In this case im able to compute the average of the numbers but when it comes to capture the total of numbers which is greater than the average value, im confuse and i have no idea how to compile the code , because the average number is only been compute once all the value capture by the input of user is sum up. Can someone please help me.
You'd need to save the numbers entered to determine which was greater than the overall average.

You can use an array like you started to in your other thread.
http://www.cplusplus.com/forum/general/139268/

You just need to make sure whatever number is used as the subscript to access the 0th, 1st, 2nd etc element of the array (which might contain a double, char, string, or other type) is defined as an int.

but the problem is in this version of program i cannot use an array and it is a request from my lecturer , so any suggestion please ?
Do you need to output actual numbers or just a count of numbers?
Ok , the problem is from the 1st version im using the array to store the data from the user input and then i can use to compare the data in array if it is greater than average number . But for the second version i cannot use the array to store the data ... so my problem is i cannot obtain the value i have been key in to compare the average value .... since i cannot use an array
Can you output the numbers entered to a file and then read them back in after computing the average?
ermm can you explain further , because i dont get it by output the numbers entered to a file and read them back
If they want you to output the actual numbers entered that were greater than the average, you need to save that information somewhere. You can't use an array, so what other ways would you have to store data? You don't know how many numbers are going to be entered until you ask the user.

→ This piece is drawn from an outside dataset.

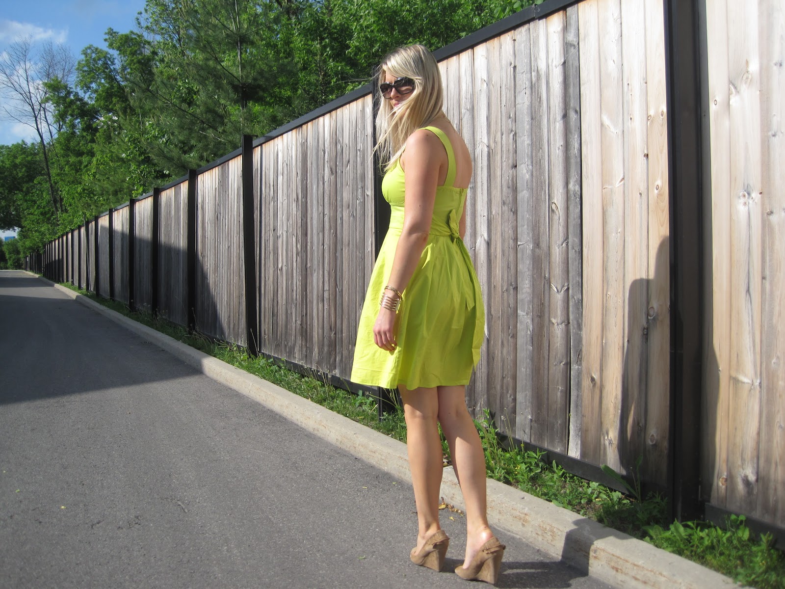 * Trixxi dress from Ross. So I picked up this little number in Florida last year and it was a deep, bright sunny yellow. I, at the time, was on a wash-my-new-clothes-before-wearing-them kick and tossed this in the wash when I got back home before I ever wore it. Pulled it out 40 minutes later and I had a neon lime-ish coloured dress. Wah wah. I ended up letting it sit in my closet for the past year until (hoorah!) this year where neon is super in and I feel really excited (and ‘ready’) to wear it. I tried to wear it last week only to discover the hemline felt too short for work so on Wednesday night I finally let the hem down (it was about two inches) and then finished the edge et voila!

I suppose you could dynamically allocate variables, but maybe writing the data to a file instead of a variable is an option.

http://www.cplusplus.com/doc/tutorial/files/

Maybe there are some other creative ideas out there?
well thx for the suggestion ! I will get to you once if i face any problem
I think a solution with recursion is possible - is this what you are searching for and if so how far have you reached?
urm what is recursion , can you please explain because i went through other site about recursion and i still dont get it
recursion is the act of calling a function within itself, generally passing through different parameters such that a base case condition is reached and the function exits (ie. it does not call itself anymore).

here's the recursive solution - it was small but not too straight forward so decided to post - does it work for you?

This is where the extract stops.